2. Calculate the heat required for the phase change from water vapor to liquid water:
- The heat of vaporization of water is 40.7 kJ/mol.
- The molar mass of water is approximately 18.015 g/mol.
- Using a conversion factor, we can calculate the mass of water in moles: n = m / M, where n is the number of moles, m is the mass, and M is the molar mass.
- Plugging in the values, we get n = 4535.92 g / 18.015 g/mol.
- Now, we can calculate the heat using Q = n * ΔHvap, where ΔHvap is the heat of vaporization.

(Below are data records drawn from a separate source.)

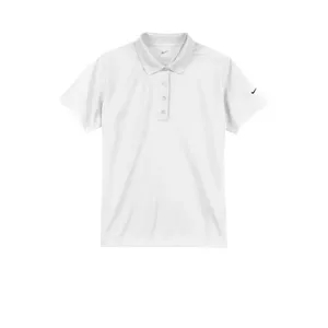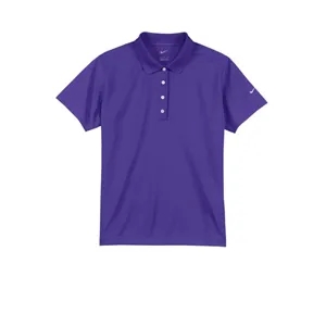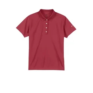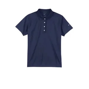 Ladies' polo with moisture management, collar, four-button placket, open hem sleeves, and buttons.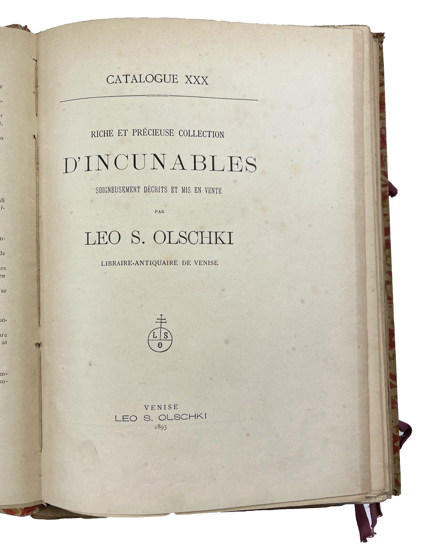 Incunaboli. Catalogo Olschki - Venezia 1893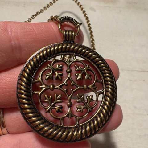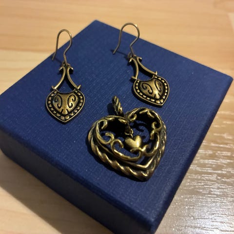 Kalevala-riipus ja kaulakoru, valmistettu muusta materiaalista. Tuote on suunnattu naisille ja sisältää ketjun sekä koristeellisen riipuksen.

- Plugging in the values, we get Q2 = (4535.92 g / 18.015 g/mol) * 40.7 kJ/mol.
3. Calculate the heat required to freeze the liquid water into ice at 0°C:
- The heat of fusion of water is 6.01 kJ/mol.
- We can use the same mass in moles calculated in step 2 to calculate the heat using Q = n * ΔHfus.
- Plugging in the values, we get Q3 = (4535.92 g / 18.015 g/mol) * 6.01 kJ/mol.
4. Calculate the total energy transfer:
- Add up the three calculated values: Qtotal = Q1 + Q2 + Q3.
Based on your answer of approximately 12,000 KJ, it seems you may have made an error in one or more of the calculations. To verify, it would be helpful to see your work for each calculation.